The Committee shall review and concur on the appointment, replacement, reassignment or dismissal of the Company’s Chief Financial Officer, who shall have direct access to the Committee.

 

The Committee shall review the annual performance of the internal audit function, if applicable.

 

Compliance oversight and responsibilities

 

The Committee shall review the Company’s compliance and ethics programs, including legal and regulatory requirements, and review with management its periodic evaluation of the effectiveness of such programs. The Committee shall review the Company’s Code of Business Conduct and Ethics that management has established to monitor compliance with such Code.

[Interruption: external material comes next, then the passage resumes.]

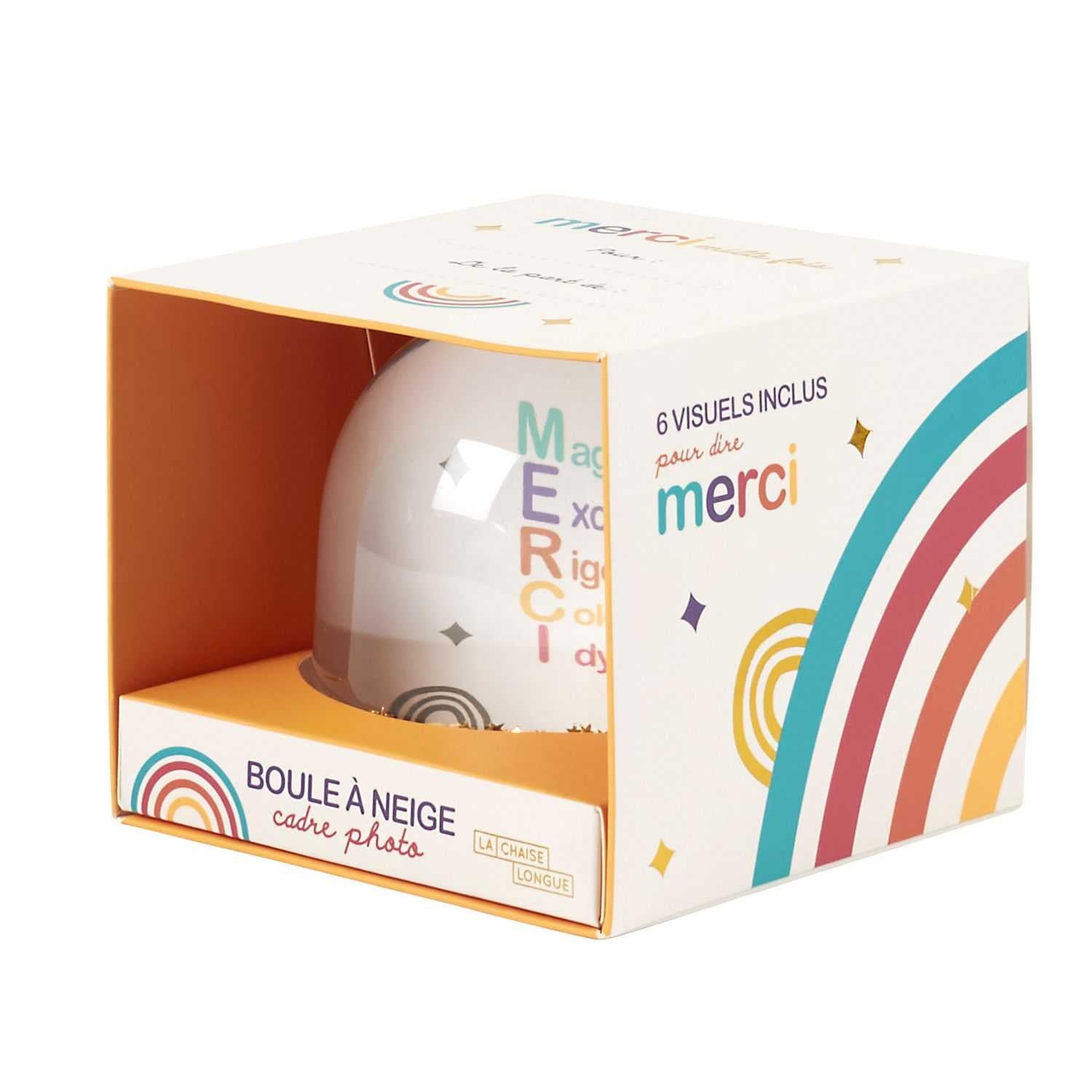 Offrir une Boule à neige cadre photo “Merci”, c’est offrir un petit concentré d’affection et de reconnaissance. C’est dire « tu comptes pour moi » avec douceur et sincérité. Dans un monde où tout va vite, elle invite à ralentir et à savourer la beauté des souvenirs partagés. Un objet qui, derrière sa simplicité apparente, renferme toute la magie des mots sincères et la chaleur des moments précieux. Un « merci » qui ne fond jamais.

The Committee shall receive any corporate attorneys’ reports of evidence of a material violation of securities laws or breaches of fiduciary duty by the Company.

 

The Committee shall establish procedures for the receipt, retention and treatment of complaints received by the Company about accounting, internal accounting controls or auditing matters, and the confidential, anonymous submission by Company employees of concerns regarding questionable accounting or auditing matters.

 

The Committee shall determine the appropriate funding needed by the Committee for payment of compensation to the independent auditor engaged for preparing or issuing audit reports, or performing other audit, review or attest services for the Company.

 

The Committee shall have the authority to retain outside counsel, accountants, experts and other advisors that it deems appropriate to assist the Committee in performing its functions. The Committee shall be provided with appropriate funding, as determined by the Committee, for payment of compensation to such outside counsel, accountants, experts and other advisors.

 

The Committee shall perform an evaluation of its performance at least annually to determine whether it is functioning effectively. The Committee also shall discuss with the independent auditor the accountants’ observations related to the effectiveness of the Committee.

 

The Committee shall review and reassess the Charter at least annually and obtain the approval of the Board.

 

Investigative Authority

 

The Committee shall be empowered to investigate any matter brought to its attention with full access to all Company books, records and personnel, using special counsel or outside experts when necessary or appropriate.